━━ Information supplied ━━

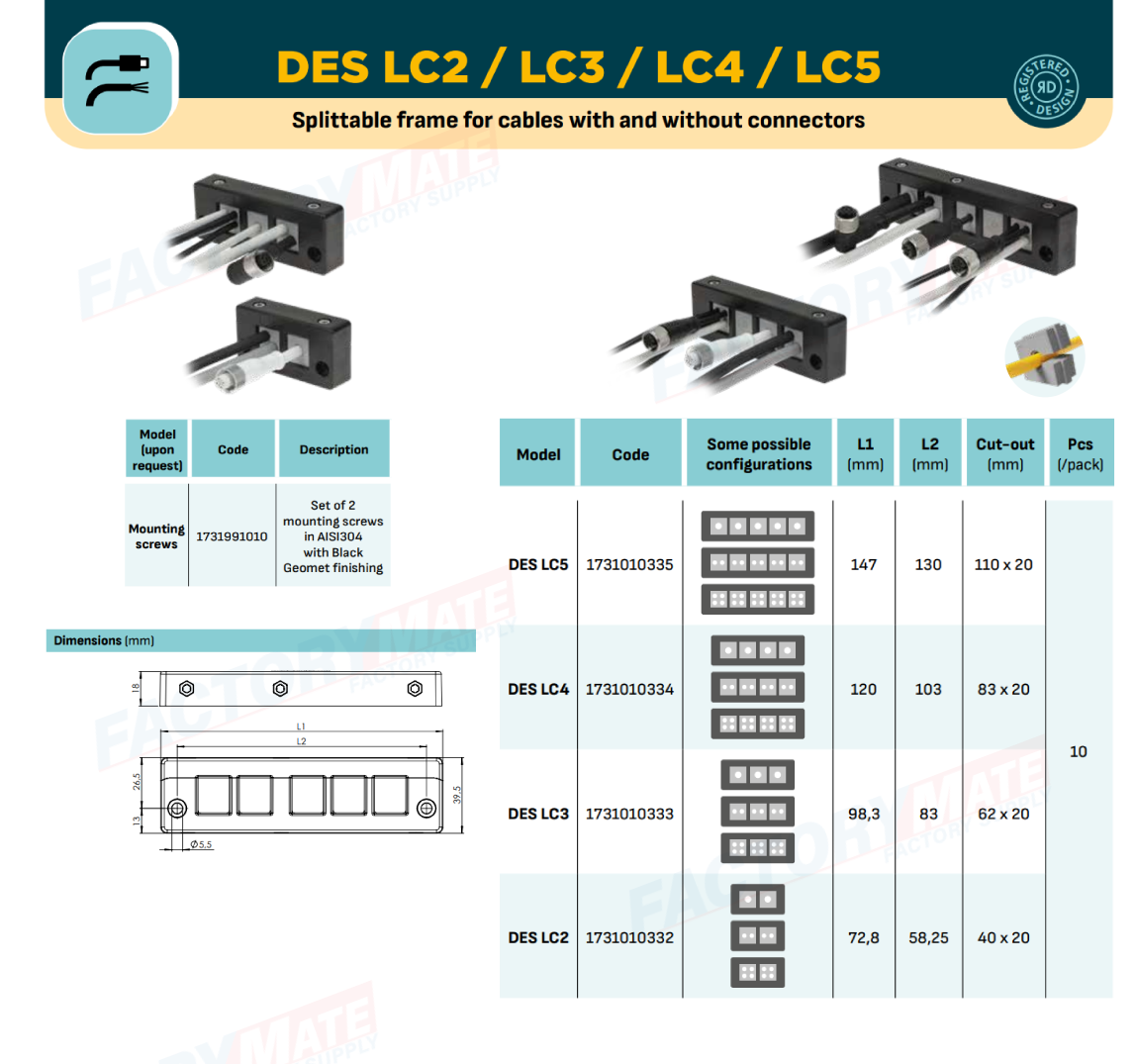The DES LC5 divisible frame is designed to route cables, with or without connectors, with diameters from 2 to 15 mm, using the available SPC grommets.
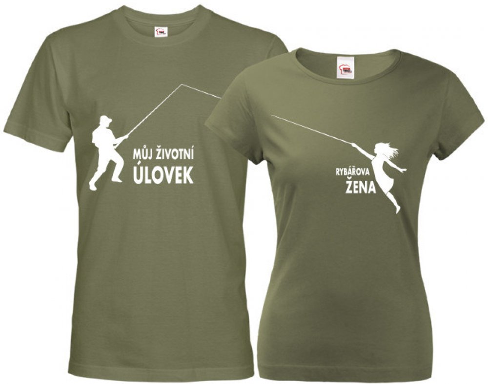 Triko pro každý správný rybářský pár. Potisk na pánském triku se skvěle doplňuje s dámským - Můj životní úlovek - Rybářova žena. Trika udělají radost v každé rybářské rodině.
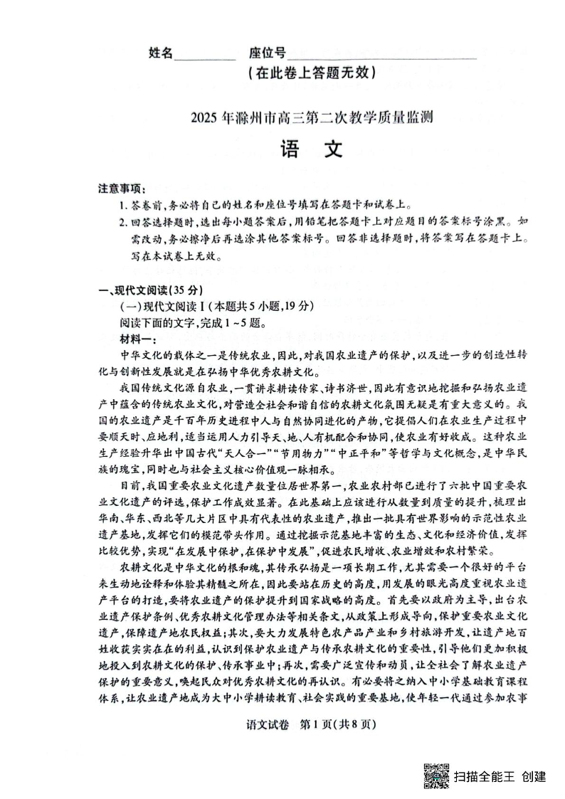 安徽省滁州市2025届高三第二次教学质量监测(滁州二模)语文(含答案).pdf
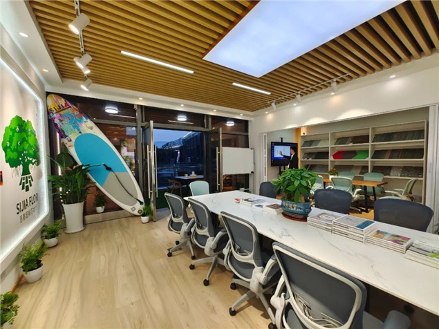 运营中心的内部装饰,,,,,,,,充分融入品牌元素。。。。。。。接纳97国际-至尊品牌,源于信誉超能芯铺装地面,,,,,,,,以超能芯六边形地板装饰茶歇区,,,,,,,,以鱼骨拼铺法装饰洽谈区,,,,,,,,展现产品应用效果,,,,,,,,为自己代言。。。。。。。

━━━

Return the lines of the data above in full and exactly, with no pictures.

__Expected answer__:
The DES LC5 divisible frame is designed to route cables, with or without connectors, with diameters from 2 to 15 mm, using the available SPC grommets.
 Triko pro každý správný rybářský pár. Potisk na pánském triku se skvěle doplňuje s dámským - Můj životní úlovek - Rybářova žena. Trika udělají radost v každé rybářské rodině.
 安徽省滁州市2025届高三第二次教学质量监测(滁州二模)语文(含答案).pdf
 运营中心的内部装饰,,,,,,,,充分融入品牌元素。。。。。。。接纳97国际-至尊品牌,源于信誉超能芯铺装地面,,,,,,,,以超能芯六边形地板装饰茶歇区,,,,,,,,以鱼骨拼铺法装饰洽谈区,,,,,,,,展现产品应用效果,,,,,,,,为自己代言。。。。。。。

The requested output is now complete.